> Task description: Transcribe exactly the lines below that begin at the line with "- You will see" and stop after the line with "Abrigo Liz clairbone", leaving out every picture.

*** Begin section ***

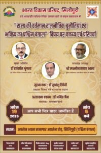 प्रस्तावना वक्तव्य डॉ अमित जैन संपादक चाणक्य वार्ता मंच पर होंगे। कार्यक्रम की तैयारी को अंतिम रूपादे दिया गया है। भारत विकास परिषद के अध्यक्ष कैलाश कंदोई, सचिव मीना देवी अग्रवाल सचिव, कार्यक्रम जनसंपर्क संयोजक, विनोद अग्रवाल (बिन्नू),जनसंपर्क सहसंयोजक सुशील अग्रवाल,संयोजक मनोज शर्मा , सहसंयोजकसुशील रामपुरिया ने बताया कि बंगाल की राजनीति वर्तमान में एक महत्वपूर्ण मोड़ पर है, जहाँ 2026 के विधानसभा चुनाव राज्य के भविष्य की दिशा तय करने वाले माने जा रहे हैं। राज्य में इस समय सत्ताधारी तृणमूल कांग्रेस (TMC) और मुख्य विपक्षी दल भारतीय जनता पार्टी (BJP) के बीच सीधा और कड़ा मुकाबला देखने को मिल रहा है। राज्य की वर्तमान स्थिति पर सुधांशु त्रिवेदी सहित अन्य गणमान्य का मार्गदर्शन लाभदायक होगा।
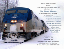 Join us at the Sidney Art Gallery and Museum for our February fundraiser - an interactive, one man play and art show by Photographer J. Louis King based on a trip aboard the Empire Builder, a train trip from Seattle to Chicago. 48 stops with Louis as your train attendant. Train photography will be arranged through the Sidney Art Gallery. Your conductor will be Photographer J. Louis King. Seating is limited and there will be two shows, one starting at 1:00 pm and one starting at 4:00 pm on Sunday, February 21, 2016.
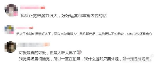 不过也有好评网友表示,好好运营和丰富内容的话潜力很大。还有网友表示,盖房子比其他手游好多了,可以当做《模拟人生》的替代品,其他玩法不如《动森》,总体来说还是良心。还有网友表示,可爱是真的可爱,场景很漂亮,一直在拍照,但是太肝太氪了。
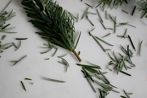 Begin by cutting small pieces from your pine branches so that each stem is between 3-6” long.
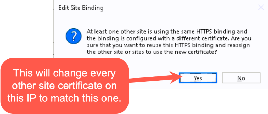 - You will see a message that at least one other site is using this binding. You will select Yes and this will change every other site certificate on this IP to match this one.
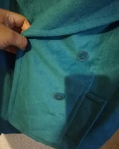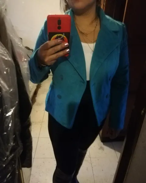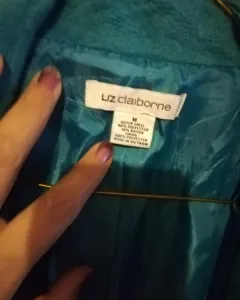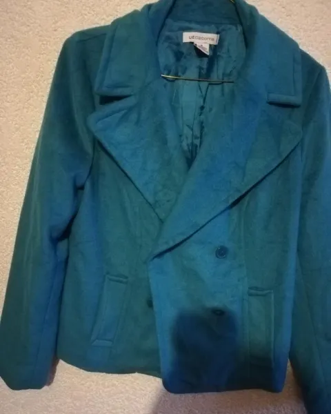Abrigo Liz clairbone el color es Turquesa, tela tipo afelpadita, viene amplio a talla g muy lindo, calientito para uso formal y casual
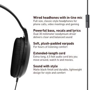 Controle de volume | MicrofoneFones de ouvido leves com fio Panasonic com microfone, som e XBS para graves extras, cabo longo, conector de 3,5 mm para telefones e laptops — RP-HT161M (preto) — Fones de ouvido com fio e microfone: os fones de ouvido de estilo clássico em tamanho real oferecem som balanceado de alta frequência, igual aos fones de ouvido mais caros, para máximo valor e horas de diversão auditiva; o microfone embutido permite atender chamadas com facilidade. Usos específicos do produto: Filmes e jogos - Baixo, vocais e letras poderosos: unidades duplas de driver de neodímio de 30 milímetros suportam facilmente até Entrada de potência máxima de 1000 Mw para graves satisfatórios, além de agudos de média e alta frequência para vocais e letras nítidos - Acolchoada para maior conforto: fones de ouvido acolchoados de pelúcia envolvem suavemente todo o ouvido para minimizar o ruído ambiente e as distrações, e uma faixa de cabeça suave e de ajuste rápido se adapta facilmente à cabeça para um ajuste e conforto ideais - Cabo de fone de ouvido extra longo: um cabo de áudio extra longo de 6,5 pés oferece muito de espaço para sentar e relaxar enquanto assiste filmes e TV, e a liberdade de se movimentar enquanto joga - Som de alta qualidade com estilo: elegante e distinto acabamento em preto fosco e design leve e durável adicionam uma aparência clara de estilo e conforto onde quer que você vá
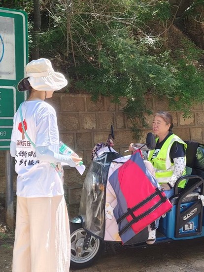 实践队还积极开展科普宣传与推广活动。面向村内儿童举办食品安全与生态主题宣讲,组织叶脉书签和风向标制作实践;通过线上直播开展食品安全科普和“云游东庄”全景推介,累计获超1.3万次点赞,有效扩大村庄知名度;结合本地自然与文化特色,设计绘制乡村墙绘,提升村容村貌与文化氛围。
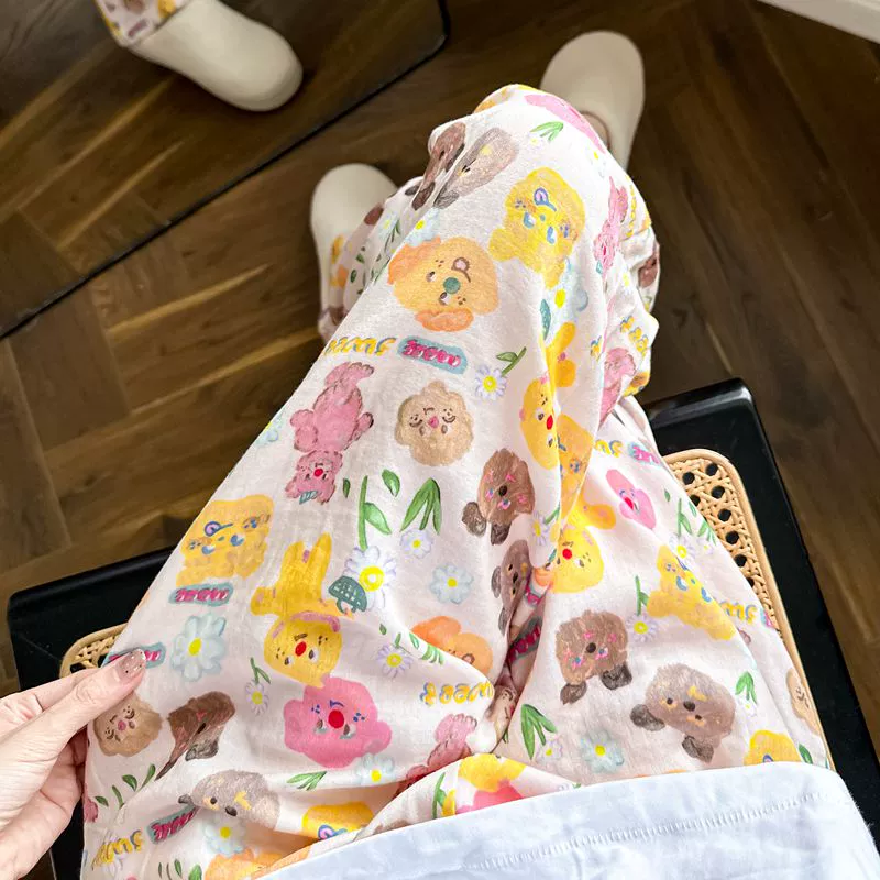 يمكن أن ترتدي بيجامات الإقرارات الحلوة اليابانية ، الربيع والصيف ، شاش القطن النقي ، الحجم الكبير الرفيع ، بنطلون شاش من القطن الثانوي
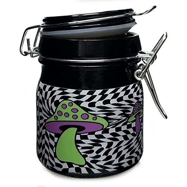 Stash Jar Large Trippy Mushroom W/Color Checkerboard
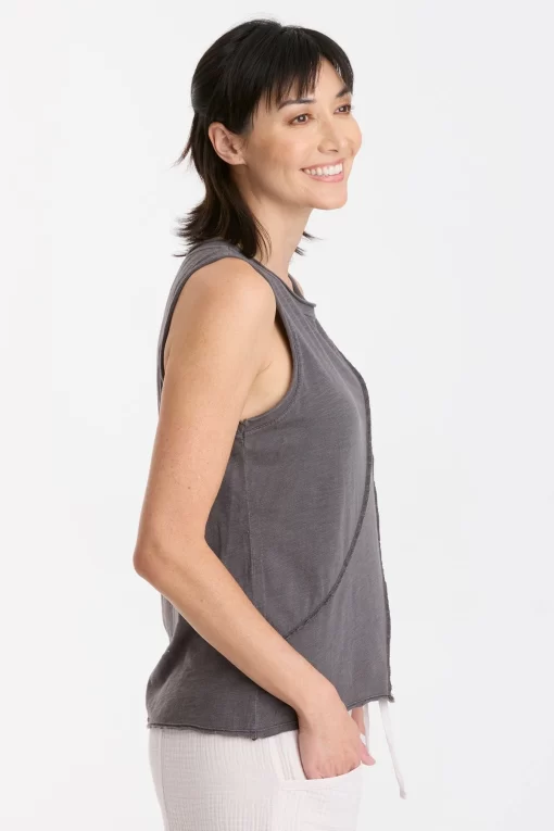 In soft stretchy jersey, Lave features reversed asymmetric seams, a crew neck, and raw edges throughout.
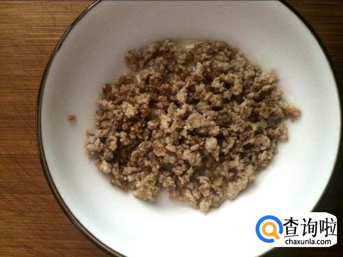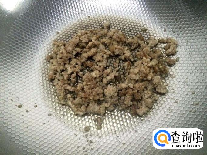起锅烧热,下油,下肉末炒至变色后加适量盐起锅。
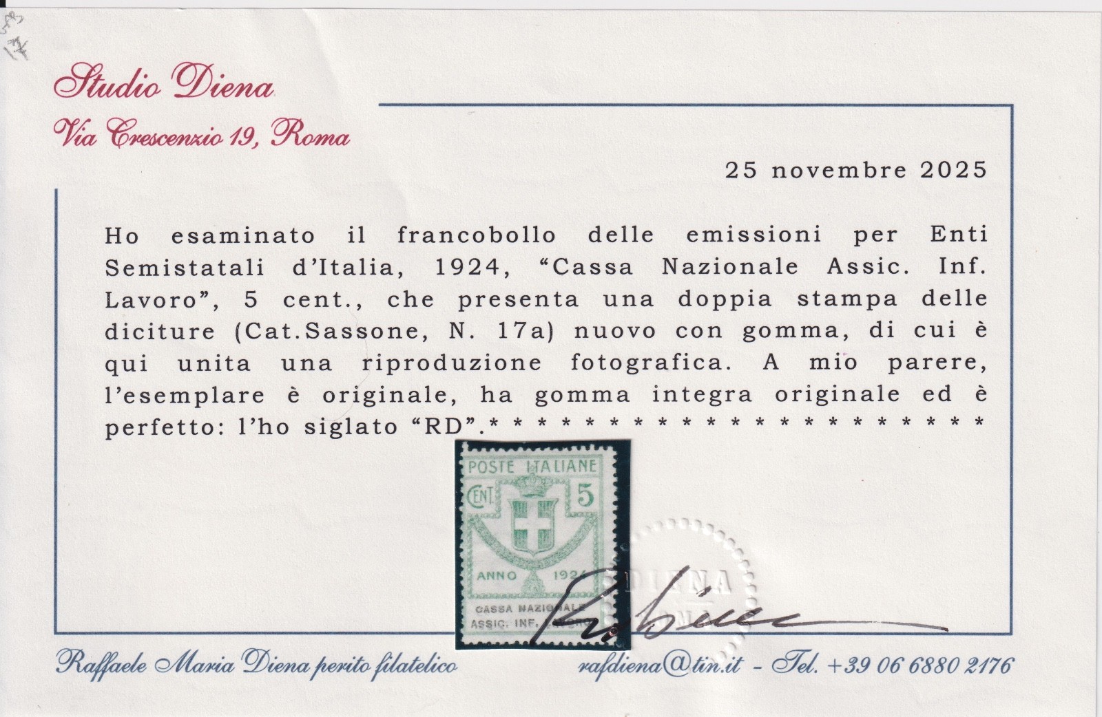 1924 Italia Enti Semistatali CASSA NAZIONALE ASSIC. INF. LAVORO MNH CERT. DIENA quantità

*** End section ***
*** Begin section ***

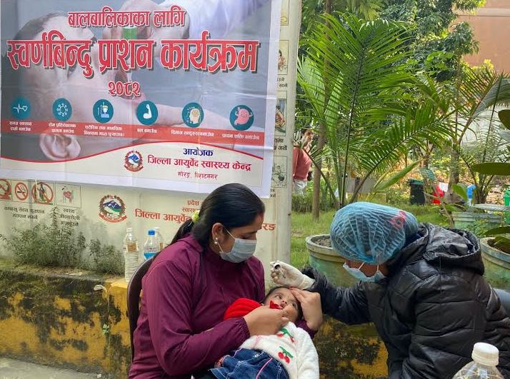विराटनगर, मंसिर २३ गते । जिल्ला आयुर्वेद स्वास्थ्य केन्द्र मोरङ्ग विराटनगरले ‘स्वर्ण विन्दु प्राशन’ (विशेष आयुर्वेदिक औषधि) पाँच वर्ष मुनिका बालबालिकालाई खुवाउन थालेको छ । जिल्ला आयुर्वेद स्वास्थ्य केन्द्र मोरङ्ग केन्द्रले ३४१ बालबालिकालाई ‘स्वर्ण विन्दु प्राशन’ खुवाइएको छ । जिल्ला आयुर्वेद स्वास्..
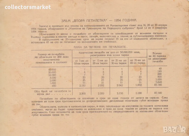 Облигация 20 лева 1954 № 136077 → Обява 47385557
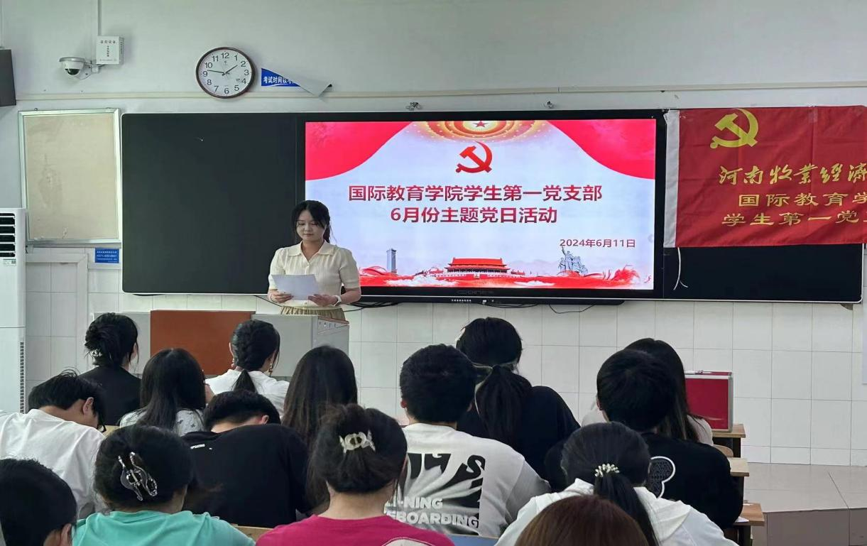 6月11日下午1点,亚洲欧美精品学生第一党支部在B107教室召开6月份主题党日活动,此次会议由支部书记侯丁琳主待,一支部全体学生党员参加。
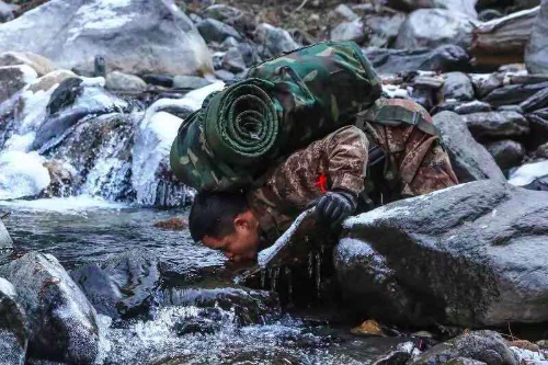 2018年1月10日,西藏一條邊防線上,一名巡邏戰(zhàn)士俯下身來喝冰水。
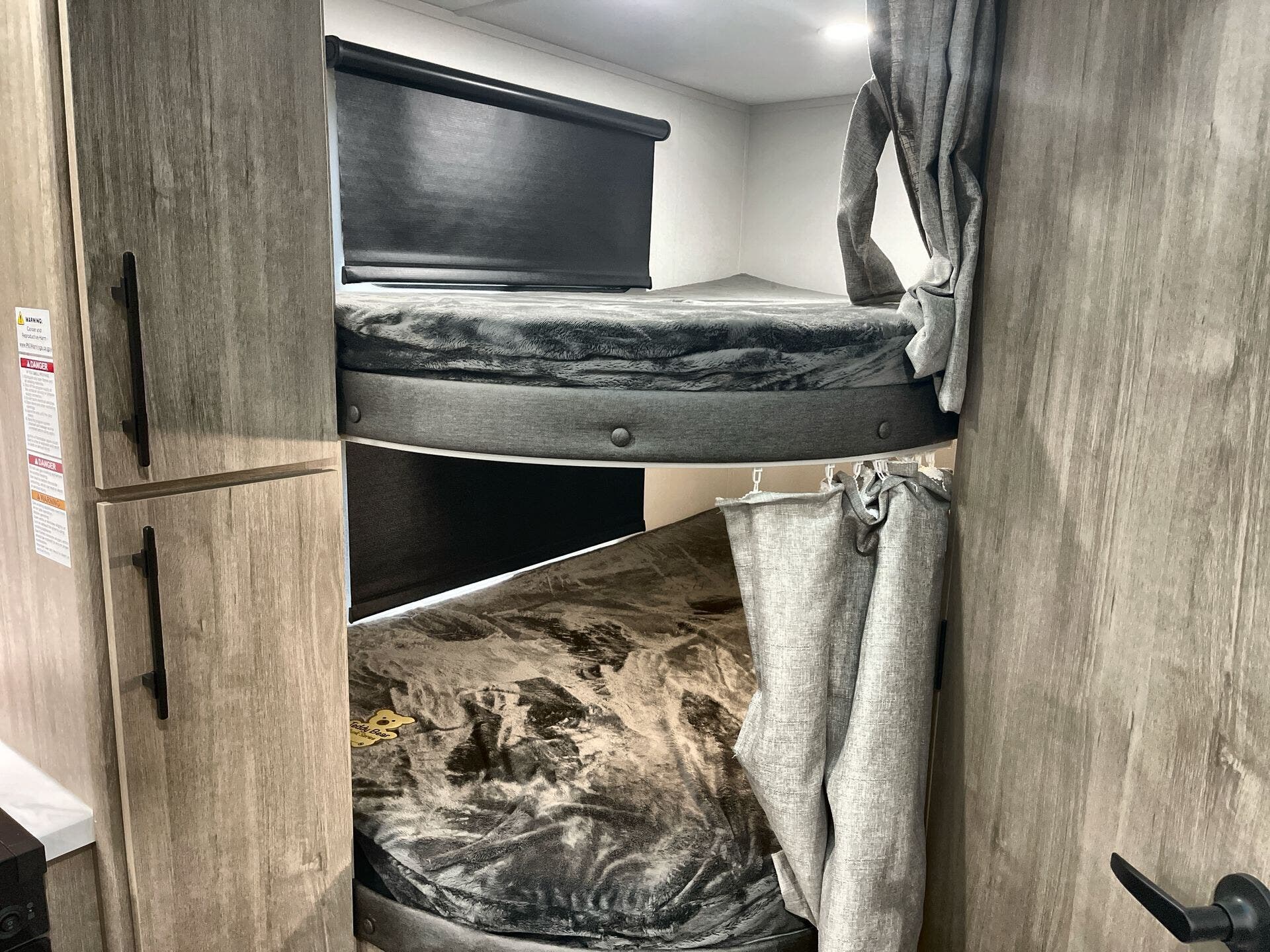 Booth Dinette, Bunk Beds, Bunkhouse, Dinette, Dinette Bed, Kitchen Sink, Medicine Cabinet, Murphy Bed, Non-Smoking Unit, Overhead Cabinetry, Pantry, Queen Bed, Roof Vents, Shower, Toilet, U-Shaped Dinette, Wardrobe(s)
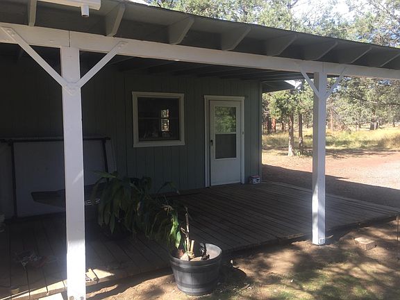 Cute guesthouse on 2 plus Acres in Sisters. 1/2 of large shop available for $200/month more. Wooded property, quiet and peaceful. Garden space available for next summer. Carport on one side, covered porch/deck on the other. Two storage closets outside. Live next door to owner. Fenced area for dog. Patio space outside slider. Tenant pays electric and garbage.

*** End section ***

> Exercise answer:
 - You will see a message that at least one other site is using this binding. You will select Yes and this will change every other site certificate on this IP to match this one.
Abrigo Liz clairbone el color es Turquesa, tela tipo afelpadita, viene amplio a talla g muy lindo, calientito para uso formal y casual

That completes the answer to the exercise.